5.3. Kafka Producer Service
Finally, after the initial configurations, we can create the driver application. Let’s first create the producer application:
public class ThermostatService {
private final KafkaTemplate<String, Double> kafkaTemplate;
public ThermostatService(KafkaTemplate<String, Double> kafkaTemplate) {
this.kafkaTemplate = kafkaTemplate;
}
public void measureCelsiusAndPublish(int numMeasurements) {
new Random().doubles(25, 35)
.limit(numMeasurements)
.forEach(tmp -> {
kafkaTemplate.send("celcius-scale-topic", tmp);
});
}
}
The ThermostatService contains a single method named measureCelsiusAndPublish. This method produces random temperature measurements in the range [25, 35] and publishes to the celsius-scale-topic Kafka topic. To achieve this, we use the doubles() method of the Random class to create a stream of random numbers. Then, we publish the event using the send() method of kafkaTemplate.
6. Producing and Consuming Events
In this section, we’ll see how to configure a Kafka consumer to read events from the topic using an embedded Kafka broker.
6.1. Create the Consumer Service
To consume events, we need one or more consumer classes. Let’s create one consumer of the celcius-scale-topic:
@Service
public class TemperatureConsumer {
Map<String, Set<String>> consumedRecords = new ConcurrentHashMap<>();
@KafkaListener(topics = "celcius-scale-topic", groupId = "group-1")
public void consumer1(ConsumerRecord<?, ?> consumerRecord) {
trackConsumedPartitions("consumer-1", consumerRecord.partition());
}
private void trackConsumedPartitions(String consumerName, int partitionNumber) {
consumedRecords.computeIfAbsent(consumerName, k -> new HashSet<>());
consumedRecords.computeIfPresent(consumerName, (k, v) -> {
v.add(String.valueOf(partitionNumber));
return v;
});
}
}
Our consumer1() method uses the @KafkaListener annotation to initiate the consumer.

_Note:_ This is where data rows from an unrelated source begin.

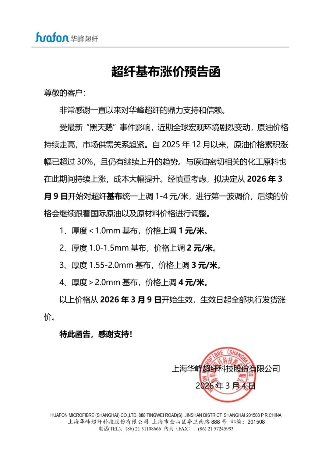 华峰超纤 [300180] :受最新“黑天鹅”事件影响,近期全球宏观环境剧烈变动,原油价格持续走高,市场供需关系趋紧。自2025年12月以来,原油价格累积涨幅已超过30%,且仍有继续上升的趋势。与原油密切相关的化工原料也在此期间持续上涨,成本大幅提升。经慎重考虑,拟决定从2026年3月9日开始对超纤基布统一上调1元-4元/米,进行第一波调价,后续的价格会继续跟着国际原油以及原材料价格进行调整。
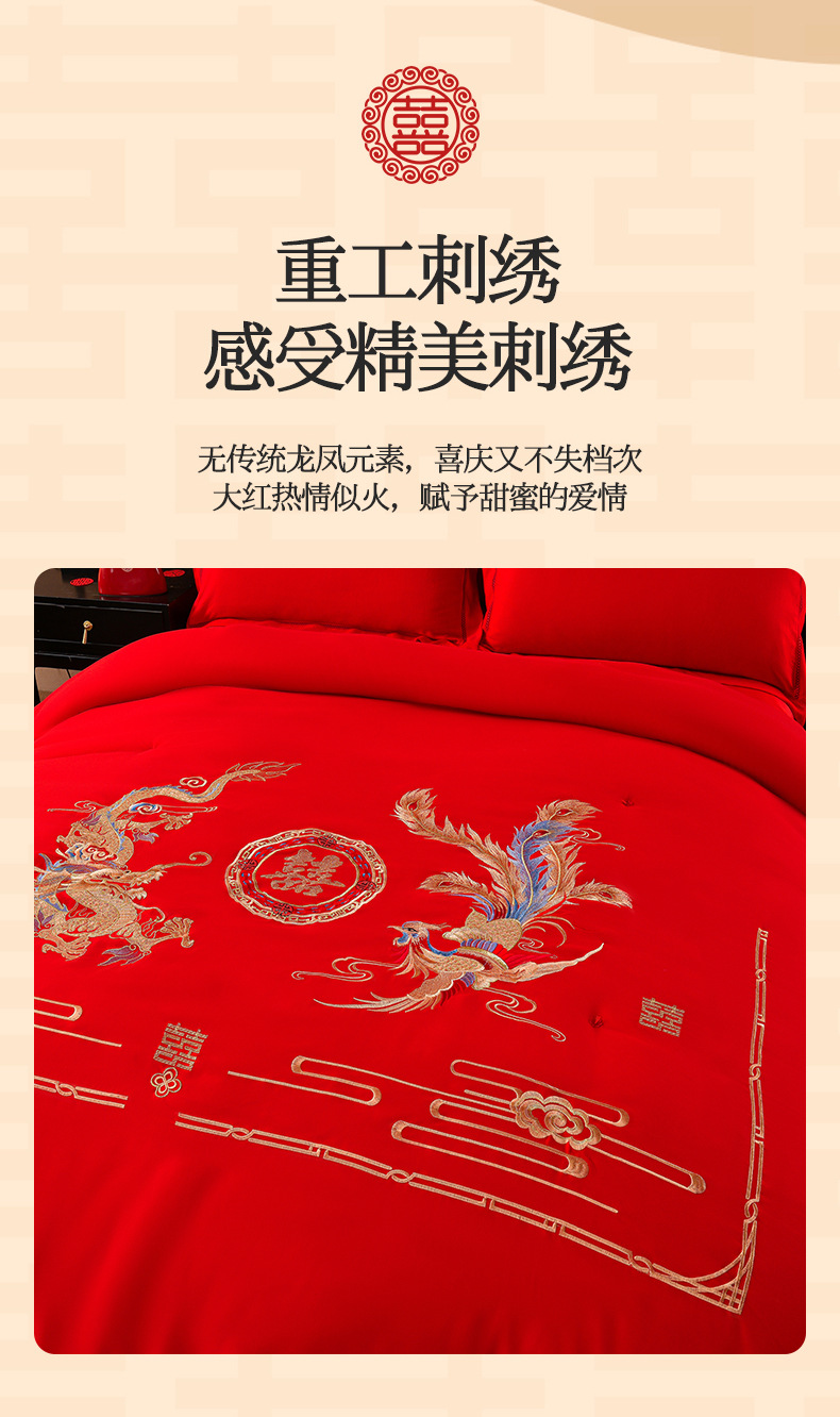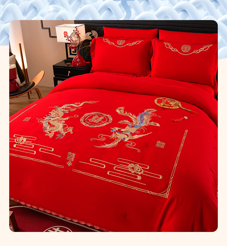 Счастливое одеяло — Дракон и Феникс олицетворяют благоприятность; Счастливое одеяло - счастливая семья; Счастливое одеяло — Дракон, парящий в небе, и Феникс, прыгающий; Счастливое одеяло — идеальное сочетание; Счастливое одеяло – Божественный матч; Счастливое одеяло – счастливый брак
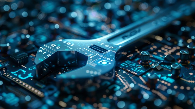 发光的数字扳手悬浮在电路板上,象征技术和维修。
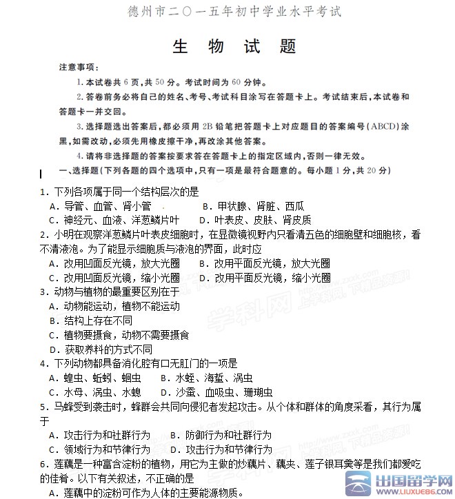 勤奮,是步入成功之門的通行證。出國留學(xué)網(wǎng)中考頻道的小編會及時為廣大考生提供:2015年山東德州市中考生物試題及答案,有需要的考生可以在考題公布后刷新本頁面(按ctrl+F5),希望對大家有所幫助。
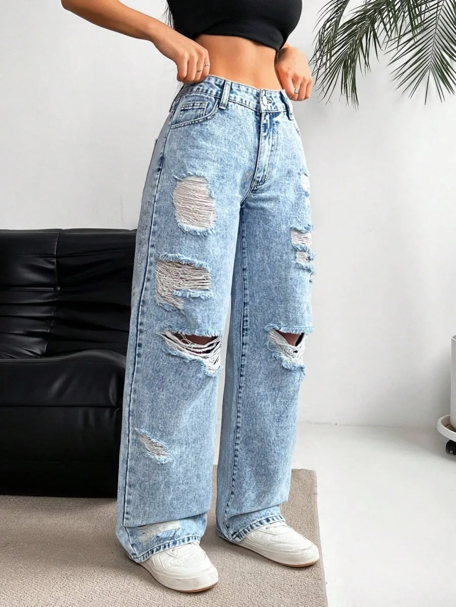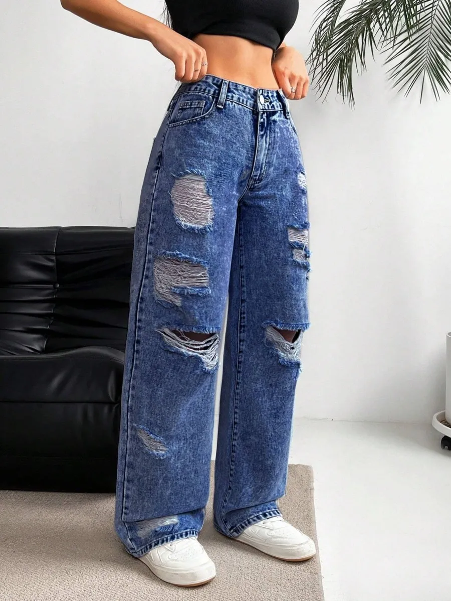 European and American Denim Ripped Washed High Waist Straight-leg Versatile Slimming Spring Jeans for Women
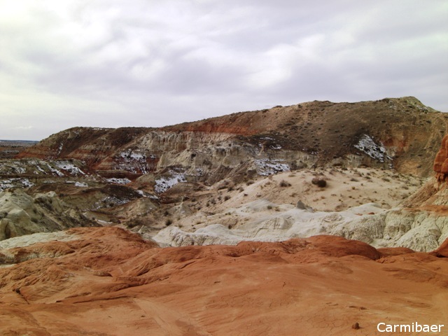 Hier kann man sogar noch ein paar Fitzelchen Schnee auf den roten Steinen entdecken. Carmen fand das faszinierend. Es waren wohl die Stellen, wo kaum Sonne hinkommt.
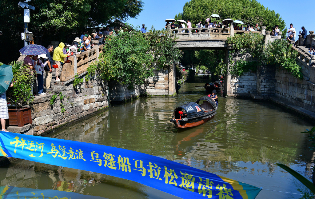 有着1000多年历史的乌篷船是绍兴独特的水上交通工具,有“水上巴士”之称。绍兴八字桥建于南宋期间,已有800多年历史,有“古代立交桥”之称。此次乌篷船马拉松大赛是水乡绍兴人为庆祝中华人民共和国成立76周年、庆贺大运河申遗成功十一周年而举办的一项活动。活动旨在以乌篷船为载体,通过“马拉松”赛的创新形式,充分展现绍兴大运河的秀丽风光和深厚文化底蕴,让更多游客领略绍兴水乡的历史文化底蕴和乌篷民俗风情魅力。
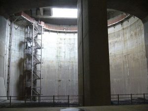 Trong ảnh là giếng đứng số 1, cao 65m, đường kính 32m.
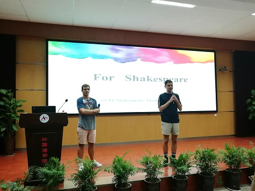 培训会上,两位导演通过戏剧表演技术讲述了学习戏剧与英语的方法与途径。戏剧表演中表情训练与形体训练是本次教学的重点之一。在两位导演的带领鼓励下,同学们从戏剧中常见的夸张脸部表情、手足动作练习中体会到表演的乐趣与精髓。此外,Christan与Adam也分享了许多训练语音语调、提高声音饱满度的小技巧。许多学生表示这次的亲身经历使他们对戏剧表演有了初步认识,对表演及发音技巧有了更进一步的了解。最后,莎剧演员表演了《仲夏夜之梦》,得到了专家高度赞扬与认可,现场气氛再次达到高潮。
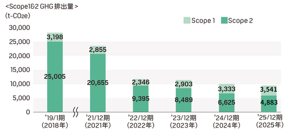 19/1月期~22/12月期についてはエネルギー起源のCO2のみを算定対象としています。23/12月期からはメタンや亜酸化窒素を含むエネルギー起源以外の温室効果ガスについても算定対象としています。
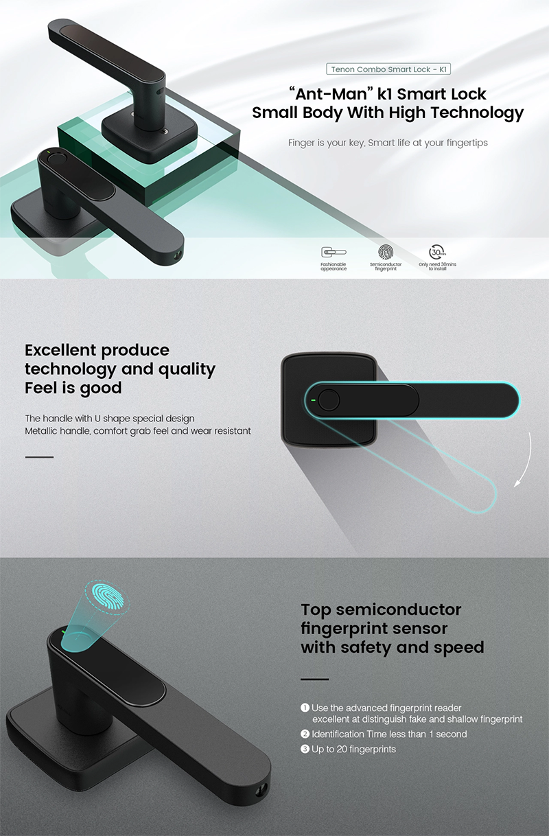 The K1 ANSI smart lock is suitable for ordinary single-door bolt locks, making it easier for you to replace the locks. The use of a standard single latch to install the lock becomes more secure and convenient. Disassembly and assembly are very simple, and the original spherical lock can be directly replaced. Excellent produce technology and quality feel is good. The handle with U shape a special design metallic handle, comfort grab feel, and is wear-resistant.
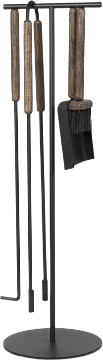 Handtagen i ek har en magnet som håller verktygen på plats i stället av pulverlackerat stål. Kollektionen ASHI innehåller flera varianter för alla slags kaminer och för att ge dig en mysig och varm atmosfär.

The topics argument is a list of topics to consume, while the groupId argument identifies the consumer group to which the consumer belongs.
To visualize the results later, we’ve used a ConcurrentHashMap to store the events consumed. The key corresponds to the consumer’s name, whereas the value contains the partitions that it consumed from.
6.2. Create the Test Class
Now, let’s create our integration test class:
@SpringBootTest(classes = ThermostatApplicationKafkaApp.class)
@EmbeddedKafka(partitions = 2, brokerProperties = {"listeners=PLAINTEXT://localhost:9092", "port=9092"})
public class KafkaTopicsAndPartitionsIntegrationTest {
@ClassRule
public static EmbeddedKafkaBroker embeddedKafka = new EmbeddedKafkaBroker(1, true, "multitype");
@Autowired
private ThermostatService service;
@Autowired
private TemperatureConsumer consumer;
@Test
public void givenTopic_andConsumerGroup_whenConsumersListenToEvents_thenConsumeItCorrectly() throws Exception {
service.measureCelsiusAndPublish(10000);
Thread.sleep(1000);
System.out.println(consumer.consumedRecords);
}
}
We’re using an embedded Kafka broker to run the test with Kafka. The @EmbeddedKafka annotation uses the argument brokerProperties to configure the URL and port the broker will run on. Then, we start the embedded broker using a JUnit rule in the EmbeddedKafkaBroker field.
Finally, in the test method, we call our thermostat service to produce 10,000 events.
We’ll use Thread.sleep() to wait 1 second after the events are produced. This ensures the consumers are properly set up in the broker to start processing messages.
Let’s see an example of the output we’ll get when we run the test:
{consumer-1=[0, 1]}
That means the same consumer processed all events in partitions 0 and 1 since we have only one consumer and one consumer group. This result may vary if there are more consumers in different consumer groups.
7. Conclusion
In this article, we’ve looked at the definitions of Kafka topics and partitions and how they relate to each other.
We’ve also illustrated a scenario of a consumer reading events from both partitions of a topic using an embedded Kafka broker.
As always, the example code is available over on GitHub.